Brief:
The part below that opens with the line containing "3月31日,风能行业第三方咨" and closes with the line containing "- Деревянные и" should be copied exactly, minus any pictures.

Top of Records for the task

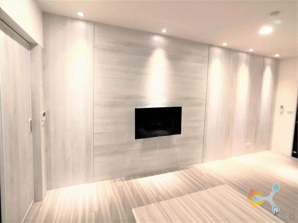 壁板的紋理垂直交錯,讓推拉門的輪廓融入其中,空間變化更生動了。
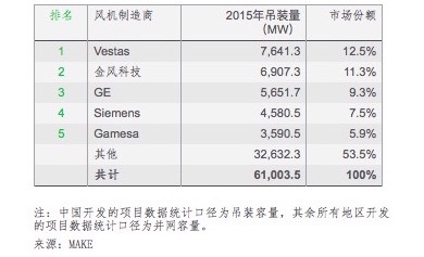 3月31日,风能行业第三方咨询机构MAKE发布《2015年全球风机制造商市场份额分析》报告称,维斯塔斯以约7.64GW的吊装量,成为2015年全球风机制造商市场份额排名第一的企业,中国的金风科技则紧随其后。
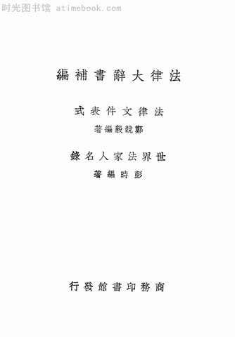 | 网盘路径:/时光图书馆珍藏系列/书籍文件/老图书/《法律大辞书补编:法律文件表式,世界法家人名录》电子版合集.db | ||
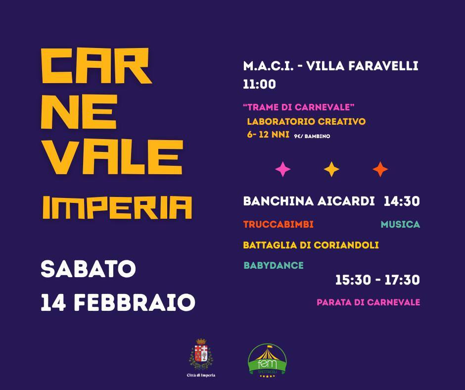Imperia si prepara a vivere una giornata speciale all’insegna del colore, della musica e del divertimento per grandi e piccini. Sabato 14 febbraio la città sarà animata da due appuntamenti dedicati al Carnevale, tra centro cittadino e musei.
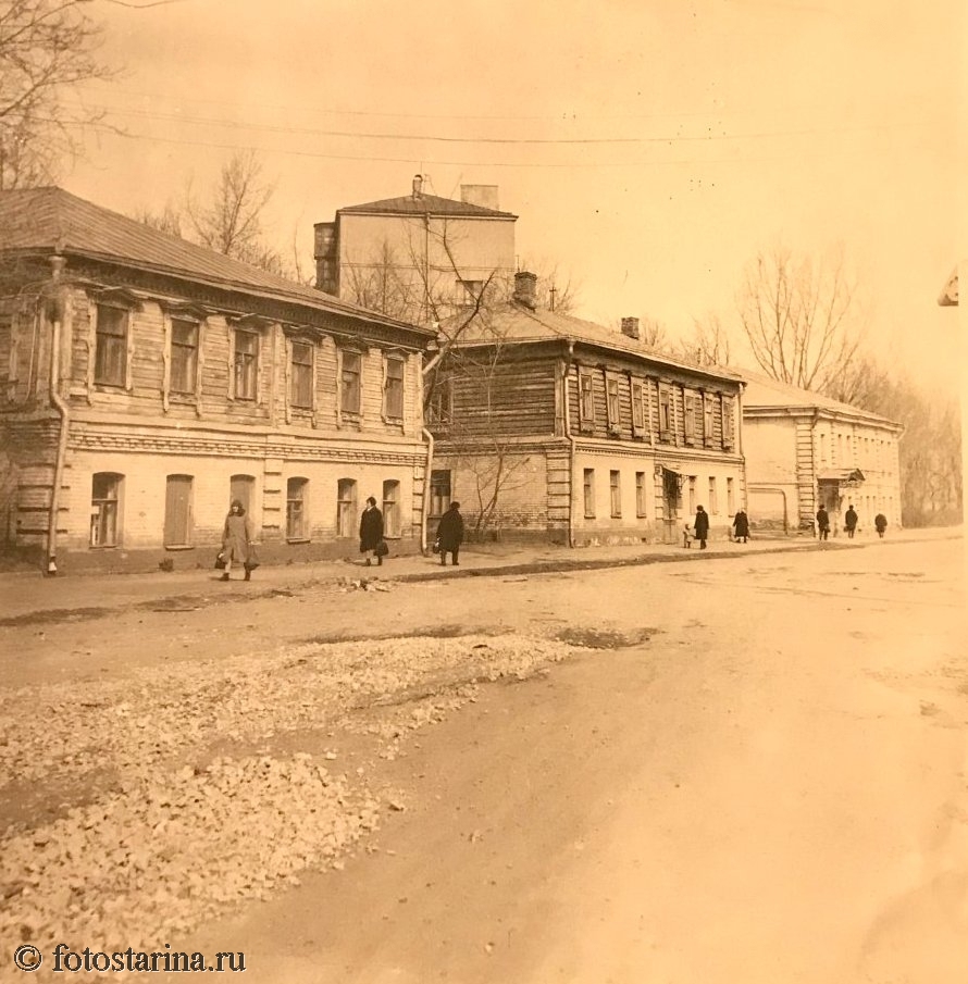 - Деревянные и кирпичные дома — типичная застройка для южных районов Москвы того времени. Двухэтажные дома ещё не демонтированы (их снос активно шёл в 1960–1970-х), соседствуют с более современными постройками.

Bottom of Records for the task
Top of Records for the task

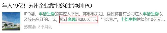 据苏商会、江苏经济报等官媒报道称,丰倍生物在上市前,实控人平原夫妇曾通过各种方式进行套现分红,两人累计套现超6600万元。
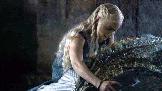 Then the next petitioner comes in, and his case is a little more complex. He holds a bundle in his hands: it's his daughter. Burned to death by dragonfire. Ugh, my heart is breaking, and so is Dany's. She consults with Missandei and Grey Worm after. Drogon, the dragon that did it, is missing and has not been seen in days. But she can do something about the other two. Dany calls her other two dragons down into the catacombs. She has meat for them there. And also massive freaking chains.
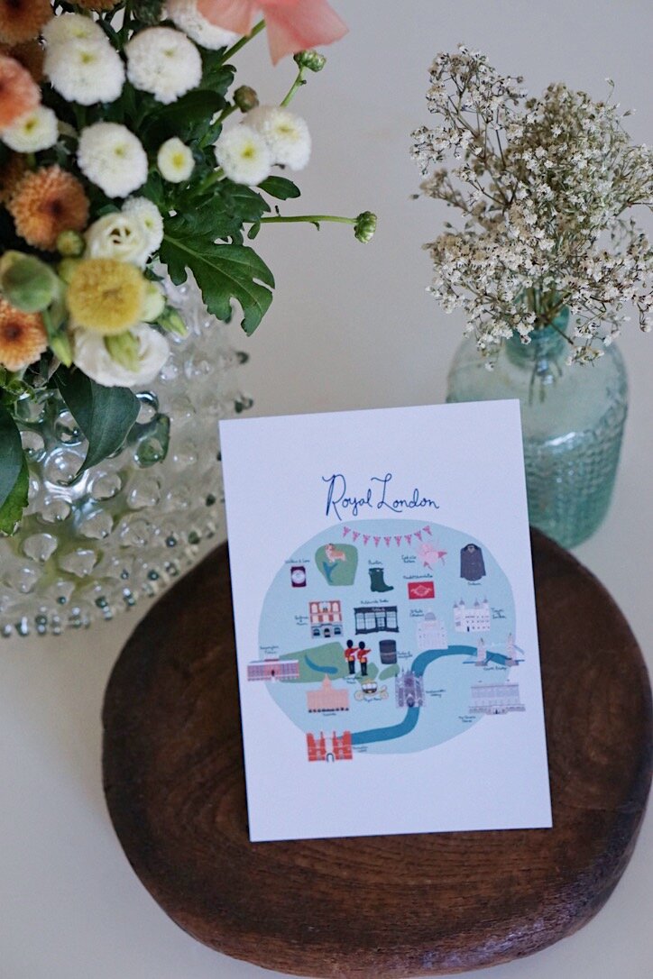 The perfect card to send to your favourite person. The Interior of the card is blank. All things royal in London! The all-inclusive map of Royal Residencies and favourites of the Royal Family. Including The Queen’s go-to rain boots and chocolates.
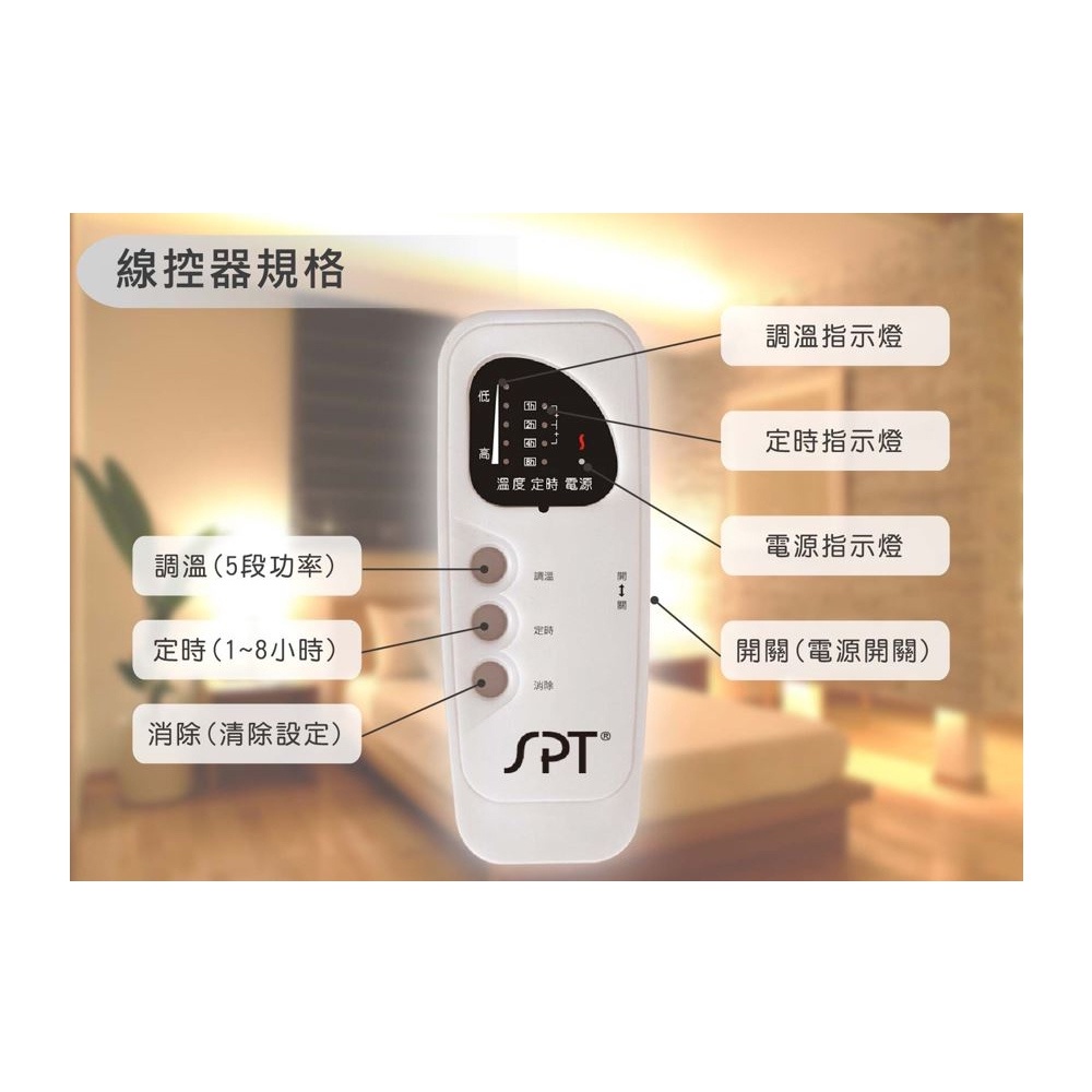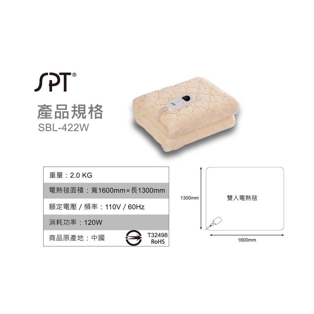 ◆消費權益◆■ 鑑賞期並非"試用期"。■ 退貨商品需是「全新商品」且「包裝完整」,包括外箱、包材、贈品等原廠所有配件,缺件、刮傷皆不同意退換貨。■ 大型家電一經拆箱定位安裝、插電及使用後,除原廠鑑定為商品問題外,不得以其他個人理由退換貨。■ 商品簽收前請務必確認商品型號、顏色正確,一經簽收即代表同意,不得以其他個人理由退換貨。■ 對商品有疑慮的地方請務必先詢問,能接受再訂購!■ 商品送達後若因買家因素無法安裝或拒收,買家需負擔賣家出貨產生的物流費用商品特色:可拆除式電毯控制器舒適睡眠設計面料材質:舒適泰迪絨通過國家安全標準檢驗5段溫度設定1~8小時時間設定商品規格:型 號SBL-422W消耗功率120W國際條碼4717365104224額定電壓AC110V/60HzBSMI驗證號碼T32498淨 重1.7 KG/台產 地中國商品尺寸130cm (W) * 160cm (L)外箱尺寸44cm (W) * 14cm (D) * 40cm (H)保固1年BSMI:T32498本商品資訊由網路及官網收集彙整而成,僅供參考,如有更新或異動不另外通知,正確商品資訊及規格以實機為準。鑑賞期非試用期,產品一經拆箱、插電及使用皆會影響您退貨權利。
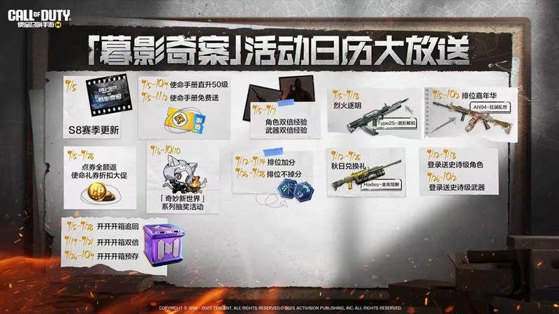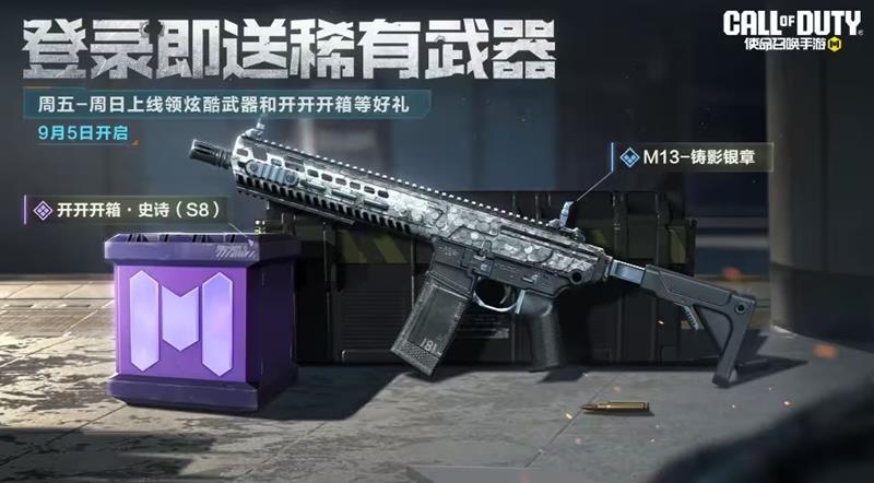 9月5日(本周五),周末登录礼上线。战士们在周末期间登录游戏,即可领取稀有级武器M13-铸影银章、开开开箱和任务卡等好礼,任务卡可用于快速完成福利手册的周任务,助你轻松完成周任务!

Bottom of Records for the task

Answer space:
 3月31日,风能行业第三方咨询机构MAKE发布《2015年全球风机制造商市场份额分析》报告称,维斯塔斯以约7.64GW的吊装量,成为2015年全球风机制造商市场份额排名第一的企业,中国的金风科技则紧随其后。
 | 网盘路径:/时光图书馆珍藏系列/书籍文件/老图书/《法律大辞书补编:法律文件表式,世界法家人名录》电子版合集.db | ||
Imperia si prepara a vivere una giornata speciale all’insegna del colore, della musica e del divertimento per grandi e piccini. Sabato 14 febbraio la città sarà animata da due appuntamenti dedicati al Carnevale, tra centro cittadino e musei.
 - Деревянные и кирпичные дома — типичная застройка для южных районов Москвы того времени. Двухэтажные дома ещё не демонтированы (их снос активно шёл в 1960–1970-х), соседствуют с более современными постройками.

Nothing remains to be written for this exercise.